Li-ion batteries have become the most important energy-storage device for many applications such as cellular phones, mobile computers, and medical, aerospace, and military devices, and are the leading contender to power all electric cars. Batteries are also the primary energy source for aircraft power and operation where monitoring energy storage, usage, and potential failures is critical to all operations of the aircraft including direct energy weapons (DEWs) [1]. To support consumer needs, many of these electronic applications require rechargeable or secondary batteries that can offer long cycle life, high volumetric and gravimetric energy densities, and high power capabilities [1,2].
Aircraft systems require larger and higher-performance LiBs than those in portable electronics uses, as safety issues are very important. Aircraft batteries undergo different operational modes than those in portable electronics. For instance, because the aircraft is used in the open air, the batteries are subjected to damage from alternating temperature, not only during cell operation but also during storage.
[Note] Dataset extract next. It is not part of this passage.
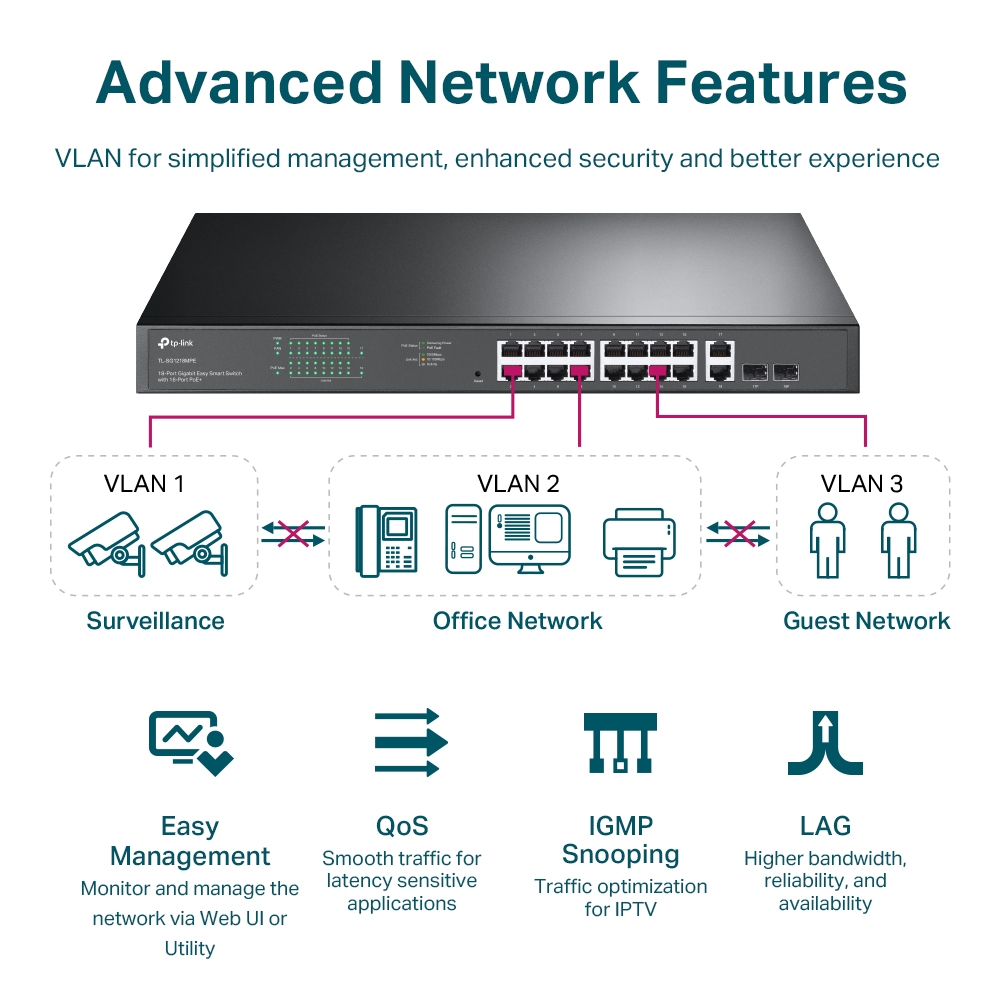 TL-SG1218MPE offers network monitoring for users to observe traffic behavior. Through its web-based user interface and management utility, the TL-SG1218MPE offers a variety of useful features, including network monitoring, traffic prioritization, and enhanced QoS.

Moreover, non-operating time is generally much longer than the driving time, which causes capacity loss of the battery by self-discharging even under the full charge conditions. Therefore, the first and utmost challenge in designing a LiB system is to ensure its inherent safety under both normal and abusive operating conditions. Knowledge of the internal cell behavior is therefore critical [3,4,5]. The main underlying concern is related to the significant temperature variation under high charge/discharge rates [6].
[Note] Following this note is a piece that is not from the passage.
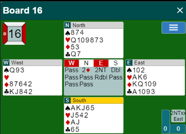 Etter multi-2D (svake 2 i en majorfarge) fra nord ville vel de fleste på syds plass sørget for å komme seg i 4 i majorfarge hvor hun vet de har 10 eller 11 korts trumftilpasning. Bertheu sin makker Baroni mente imidlertid det var greit å doble først. Øst mente neppe redoblingen for spill, men vest trodde dette kunne stå og passet. Og 2NT står om spillefører gjetter kløveren. Spar ess kom i utspill fulgt av hjerterskift til østs ess. Tipper hun kløveren nå kan hun sette opp ruteren også. Da kan det bli det minst to redoblede overstikk, "kun" ti stikk om syd tar for den andre sparhonnøren. To redoblede overstikk i 2NT ville gitt den uvanlige scoren +1680!

For many applications, failure is considered to occur when the capacity of the battery is reduced to below 80% of its rated value. At this point, the battery is considered as an unreliable power source and should be replaced, because it tends to exhibit an exponential decay of capacity after it passes this point [7]. Battery failure can lead to loss of operation, reduced capability, downtime, and catastrophic failure. For example, in April 2000, a plane crashed during landing when a battery failure led to an electrical malfunction that disabled the normal landing gear extension capability. Another battery failure caused the loss of a Mars global surveyor in November 2006. When the surveyor’s batteries were exposed to sunlight, the high temperature resulted in the premature depletion of the batteries. A recent survey conducted by Emerson Network Power showed that 65% of data center downtime is caused by uninterruptible power supply (UPS) battery failures. For data centers, even one hour of downtime can incur losses of tens of thousands of dollars. Another recent example of battery failure is the Boeing 787 Dreamliner. In 2013, an abnormal increase in temperature and pressure (also known as “thermal runway”) in one of the battery cells led to heavy smoke and flames while the aircraft was stationed at a terminal.
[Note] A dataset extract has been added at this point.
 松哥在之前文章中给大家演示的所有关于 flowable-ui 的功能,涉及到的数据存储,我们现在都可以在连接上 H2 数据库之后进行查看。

The National Transportation Safety Board issued a recommendation letter stating that such conditions can develop and propagate within the cell over time, leading to thermal runaway and battery system failure, and might not be detected by the battery management system (BMS) in time to prevent catastrophic failures [8]. Therefore, the need to predict and understand a battery’s state of charge and state of health (SOH) at the cell level is significant. The few BMSs currently available on the market do not provide adequate information in real time to mitigate all failures because they do not report all parameters at the cell level [9,10,11].
Aircraft battery packs are composed of several hundred cells and having the ability to monitor battery health at the cell level is crucial to ensure operational safety and efficiency. Typically, battery monitoring is performed by sampling external temperature and electrical properties such as current and voltage over the battery terminals, with one measurement made per group of 10 or more cells. Existing BMSs lack of reporting parameters at the individual cell level which is crucial for good cell performance and long life cycle of the battery pack.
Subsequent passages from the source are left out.